In Europe, the most southern glacier which comes down to the sea is met with, according to Von Buch, on the coast of Norway, in lat. 67°. Now this is more than 20° of latitude, or 1230 miles, nearer the pole than the Laguna de San Rafael. The position of the glaciers at this place and in the Gulf of Penas, may be put even in a more striking point of view, for they descend to the sea-coast, within 71/2° of latitude, or 450 miles, of a harbour, where three species of Oliva, a Voluta, and a Terebra, are the commonest shells, within less than 9° from where palms grow, within 41/2° of a region where the jaguar and puma range over the plains, less than 21/2° from arborescent grasses, and (looking to the westward in the same hemisphere) less than 2° from orchideous parasites, and within a single degree of tree-ferns!

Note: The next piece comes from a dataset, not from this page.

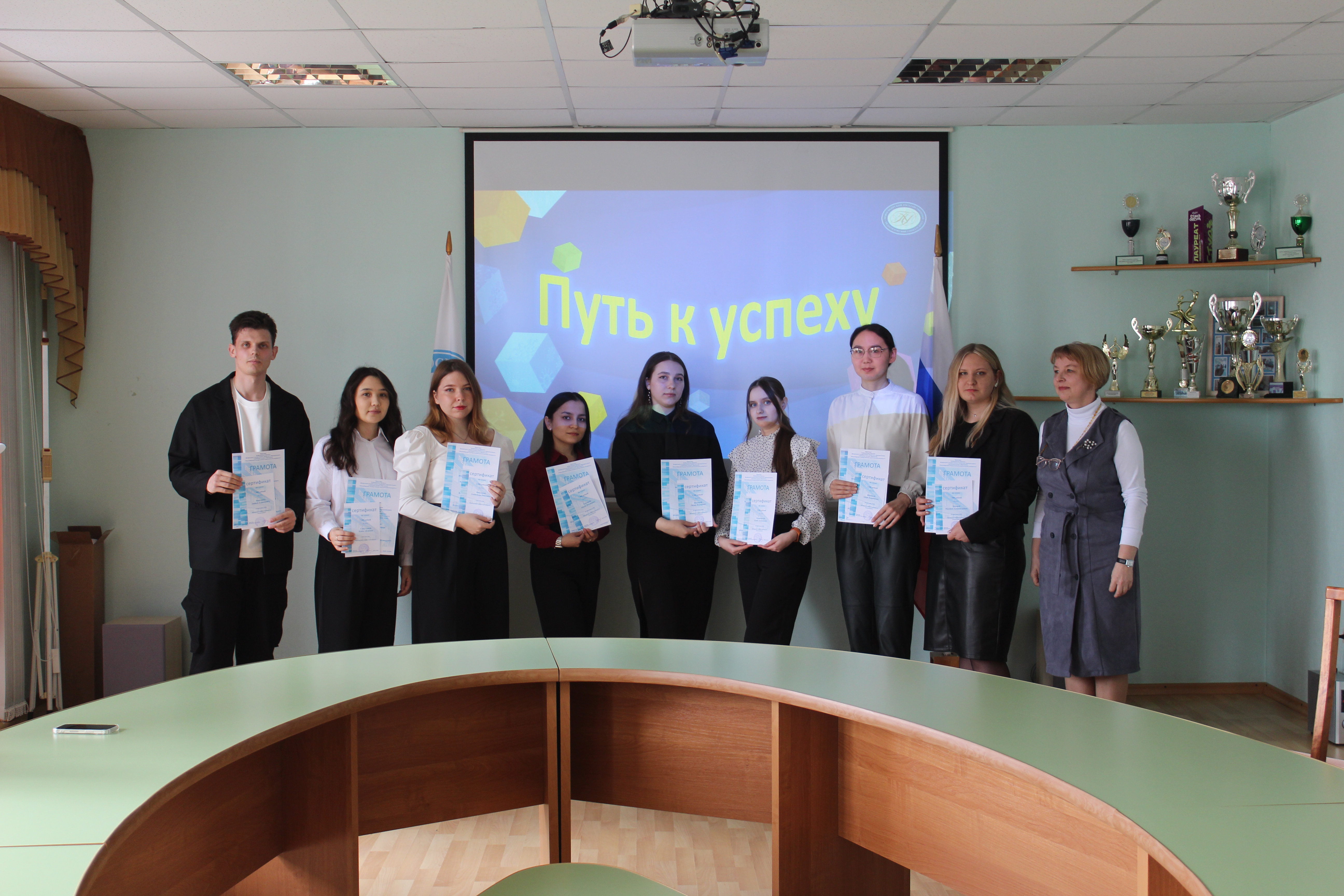 В центре внимания оказались 27 студентов, чьи имена стали символом академического успеха. Их заслуги были отмечены в четырех престижных номинациях: «Золотой дебют» - эта номинация чествовала самых талантливых первокурсников, чья первая сессия стала ярким стартом на пути к вершинам образования. Их усердие и целеустремленность вселяют уверенность в будущем науки. «Галерея отличников»: в этой номинации были отмечены студенты разных курсов, чей вклад в академическую жизнь филиала особенно весом. Их пример вдохновляет и мотивирует, демонстрируя, что успех – это результат упорного труда и любви к знаниям. «Блистательный результат» - эта номинация была посвящена тем, кто, за весь период обучения получил всего одну отметку «хорошо» за сессии. Их настойчивость и умение преодолевать препятствия достойны восхищения. «Академическая легенда» - эта высшая награда была вручена студентке, чей безупречный академический путь стал эталоном для подражания. Ее имя навсегда вписано в историю филиала как символ академического совершенства. Завершилось мероприятие уютным чаепитием, где студенты смогли пообщаться в неформальной обстановке и поделиться секретами успеха.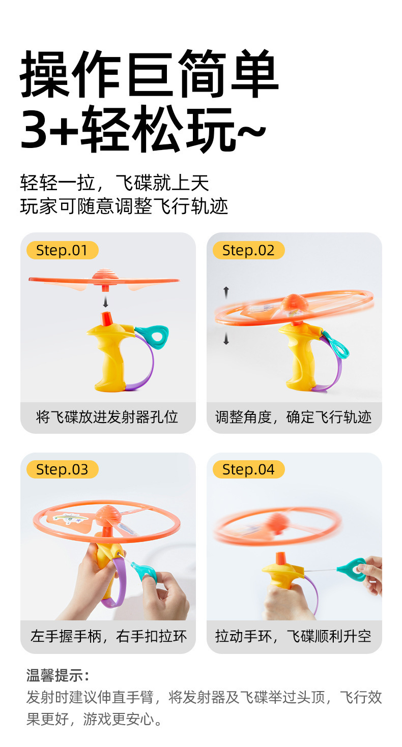 중더 중대 방출 UFO 대나무 잠자리 어린이 야외 당기기 만화 최고 비행 부모-어린이 스포츠 장난감스토어 가기

These facts are of high geological interest with respect to the climate of the northern hemisphere, at the period when boulders were transported. I will not here detail how simply the theory of icebergs being charged with fragments of rock, explains the origin and position of the gigantic boulders of eastern Tierra del Fuego, on the high plain of Santa Cruz, and on the island of Chiloe. In Tierra del Fuego, the greater number of boulders lie on the lines of old sea-channels, now converted into dry valleys by the elevation of the land. They are associated with a great unstratified formation of mud and sand, containing rounded and angular fragments of all sizes, which has originated[2] in the repeated

  1. Agüeros, Desc. Hist. de Chiloe, p. 227.
  2. Geological Transactions, vol. vi. p, 415.